*** Input Section Begins ***

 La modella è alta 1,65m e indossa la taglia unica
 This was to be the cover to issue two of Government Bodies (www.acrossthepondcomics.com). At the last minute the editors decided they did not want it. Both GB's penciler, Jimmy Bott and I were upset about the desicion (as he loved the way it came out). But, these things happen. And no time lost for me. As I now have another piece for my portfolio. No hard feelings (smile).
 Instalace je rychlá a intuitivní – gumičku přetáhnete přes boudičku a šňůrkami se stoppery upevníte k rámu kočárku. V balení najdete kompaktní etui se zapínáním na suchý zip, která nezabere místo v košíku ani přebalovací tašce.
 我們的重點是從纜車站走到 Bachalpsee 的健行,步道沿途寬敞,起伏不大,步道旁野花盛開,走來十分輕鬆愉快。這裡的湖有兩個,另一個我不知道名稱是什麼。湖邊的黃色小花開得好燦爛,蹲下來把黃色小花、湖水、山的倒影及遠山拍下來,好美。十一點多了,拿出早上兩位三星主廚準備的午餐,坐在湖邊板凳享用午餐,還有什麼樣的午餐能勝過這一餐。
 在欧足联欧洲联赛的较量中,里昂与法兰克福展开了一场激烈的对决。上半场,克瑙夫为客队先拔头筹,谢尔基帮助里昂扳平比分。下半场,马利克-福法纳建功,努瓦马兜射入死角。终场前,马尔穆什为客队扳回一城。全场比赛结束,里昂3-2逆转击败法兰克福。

*** Input Section Ends ***
*** Input Section Begins ***

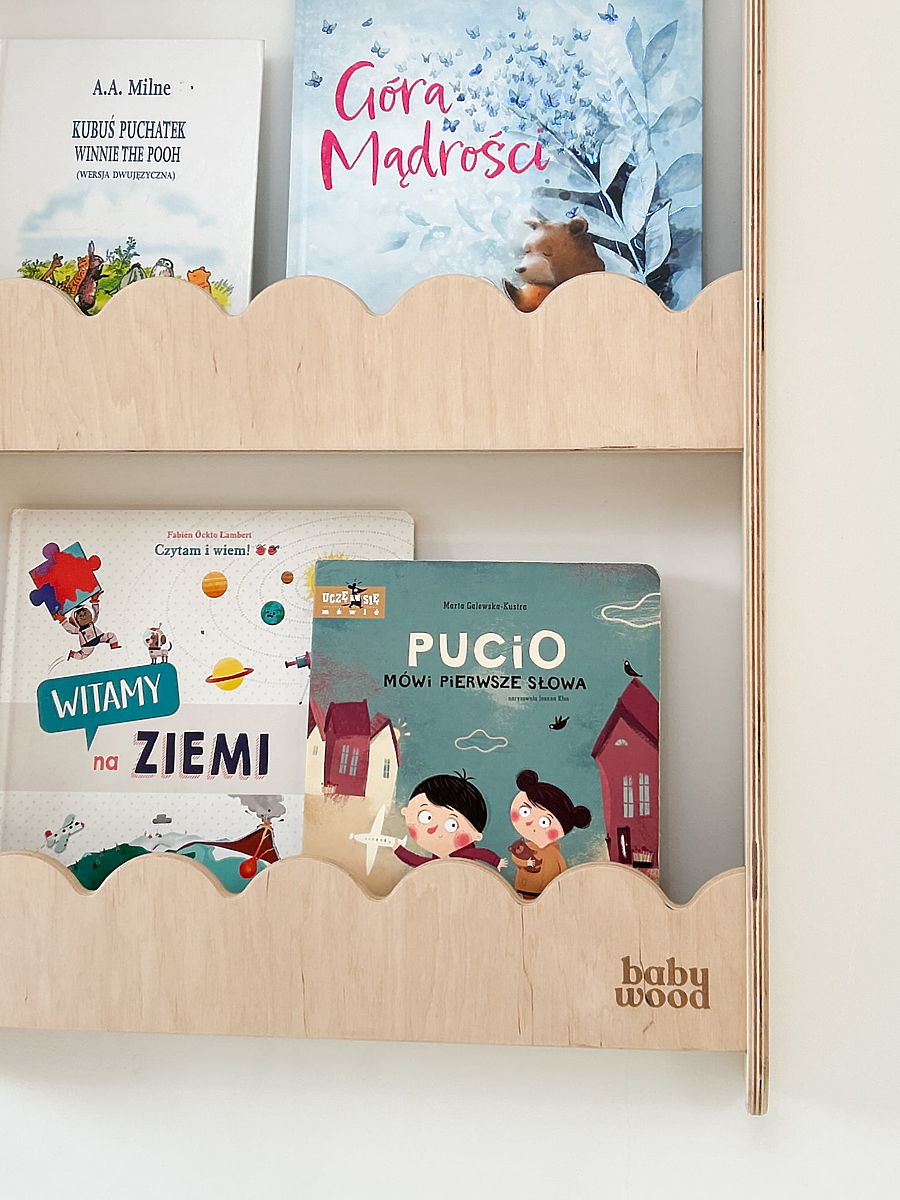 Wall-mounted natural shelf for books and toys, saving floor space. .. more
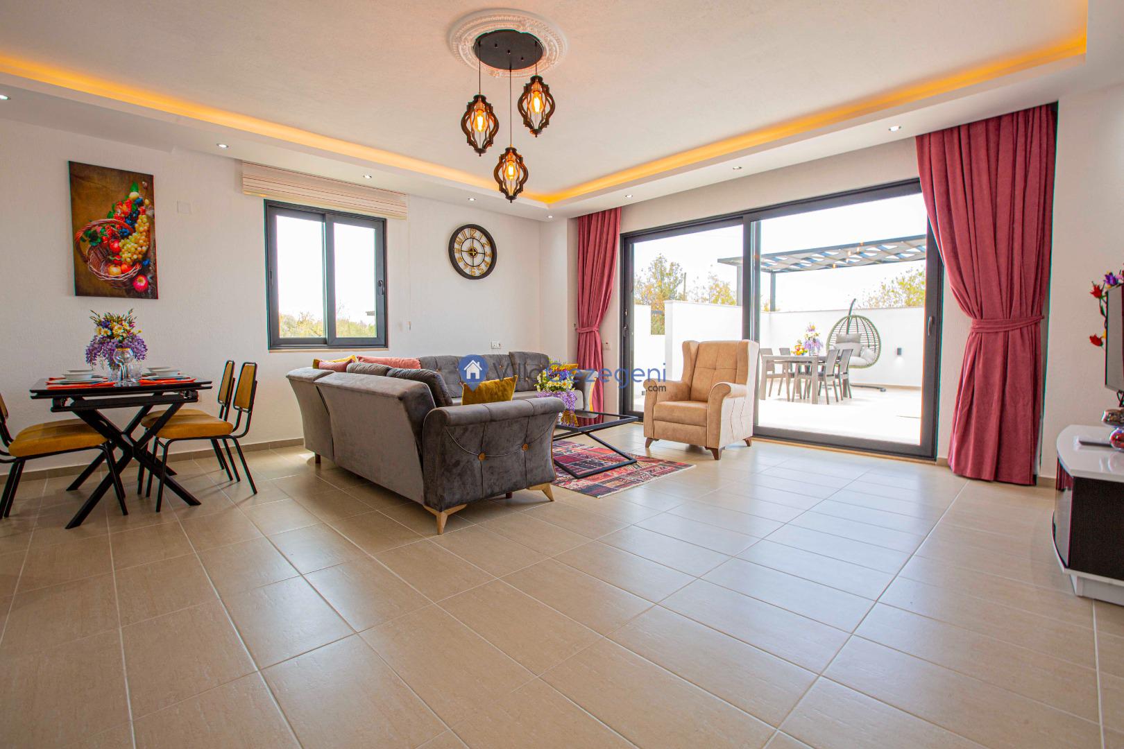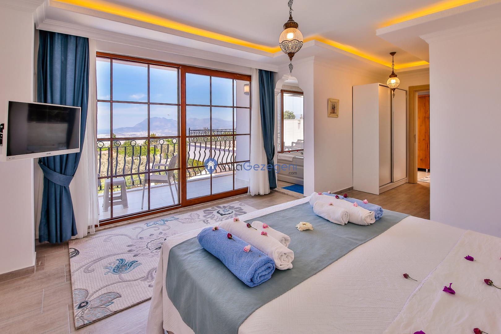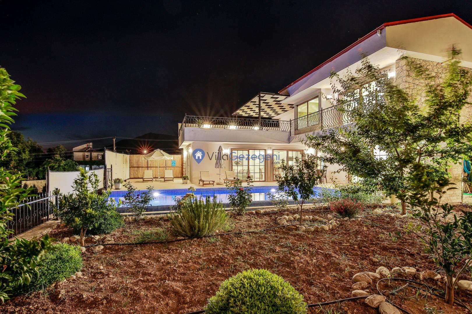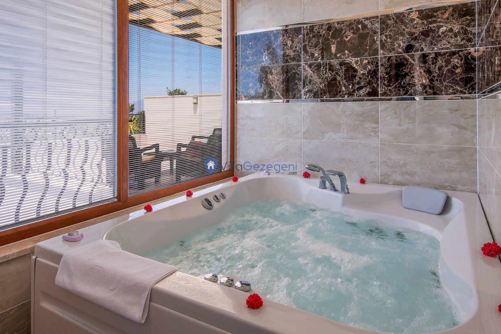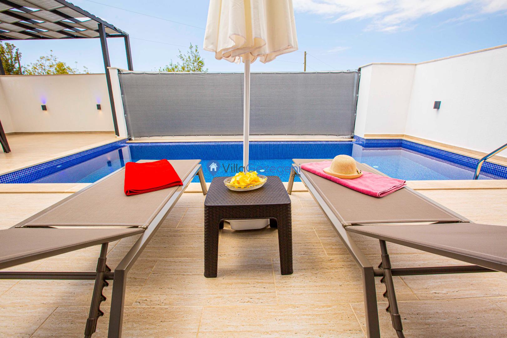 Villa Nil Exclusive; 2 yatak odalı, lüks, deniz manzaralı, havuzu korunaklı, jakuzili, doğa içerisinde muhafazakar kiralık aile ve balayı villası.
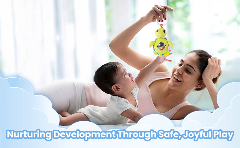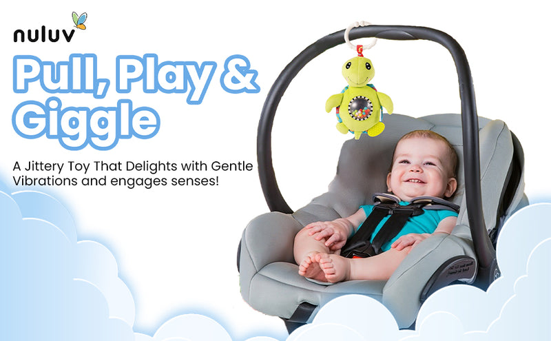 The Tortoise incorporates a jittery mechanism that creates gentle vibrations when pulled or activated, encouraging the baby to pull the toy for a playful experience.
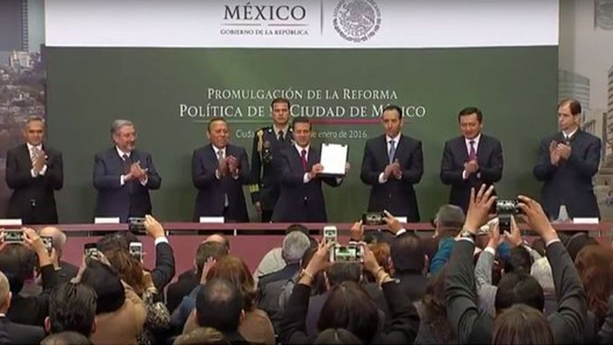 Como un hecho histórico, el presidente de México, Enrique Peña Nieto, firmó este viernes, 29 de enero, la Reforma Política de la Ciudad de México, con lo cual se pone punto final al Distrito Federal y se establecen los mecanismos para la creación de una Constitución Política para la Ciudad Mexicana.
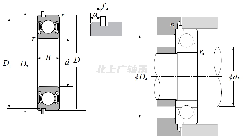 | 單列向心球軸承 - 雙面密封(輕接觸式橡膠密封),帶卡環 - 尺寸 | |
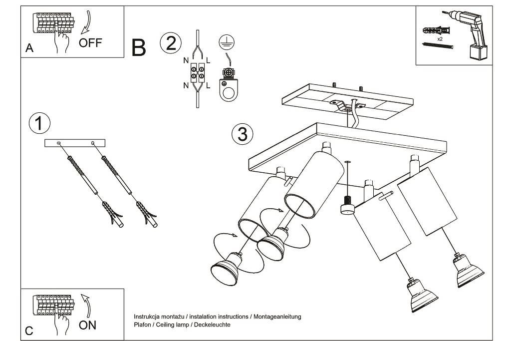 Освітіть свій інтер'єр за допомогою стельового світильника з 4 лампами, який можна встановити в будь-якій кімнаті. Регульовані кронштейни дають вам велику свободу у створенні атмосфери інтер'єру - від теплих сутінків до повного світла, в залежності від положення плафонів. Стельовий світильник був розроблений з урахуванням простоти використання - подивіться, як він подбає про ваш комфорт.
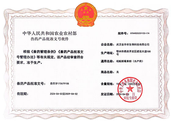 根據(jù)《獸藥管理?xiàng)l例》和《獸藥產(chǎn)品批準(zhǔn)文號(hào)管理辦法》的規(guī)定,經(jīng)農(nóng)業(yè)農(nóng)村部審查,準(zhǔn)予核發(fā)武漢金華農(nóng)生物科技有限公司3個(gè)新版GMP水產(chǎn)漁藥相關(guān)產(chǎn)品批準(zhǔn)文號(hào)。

*** Input Section Ends ***

A verbatim reproduction is expected: starting at the line above that has "Villa Nil Exclusive;", ending at the line that has "根據(jù)《獸藥管理?xi", both included, and with no pictures and no other lines.

 Villa Nil Exclusive; 2 yatak odalı, lüks, deniz manzaralı, havuzu korunaklı, jakuzili, doğa içerisinde muhafazakar kiralık aile ve balayı villası.
 The Tortoise incorporates a jittery mechanism that creates gentle vibrations when pulled or activated, encouraging the baby to pull the toy for a playful experience.
 Como un hecho histórico, el presidente de México, Enrique Peña Nieto, firmó este viernes, 29 de enero, la Reforma Política de la Ciudad de México, con lo cual se pone punto final al Distrito Federal y se establecen los mecanismos para la creación de una Constitución Política para la Ciudad Mexicana.
 | 單列向心球軸承 - 雙面密封(輕接觸式橡膠密封),帶卡環 - 尺寸 | |
 Освітіть свій інтер'єр за допомогою стельового світильника з 4 лампами, який можна встановити в будь-якій кімнаті. Регульовані кронштейни дають вам велику свободу у створенні атмосфери інтер'єру - від теплих сутінків до повного світла, в залежності від положення плафонів. Стельовий світильник був розроблений з урахуванням простоти використання - подивіться, як він подбає про ваш комфорт.
 根據(jù)《獸藥管理?xiàng)l例》和《獸藥產(chǎn)品批準(zhǔn)文號(hào)管理辦法》的規(guī)定,經(jīng)農(nóng)業(yè)農(nóng)村部審查,準(zhǔn)予核發(fā)武漢金華農(nóng)生物科技有限公司3個(gè)新版GMP水產(chǎn)漁藥相關(guān)產(chǎn)品批準(zhǔn)文號(hào)。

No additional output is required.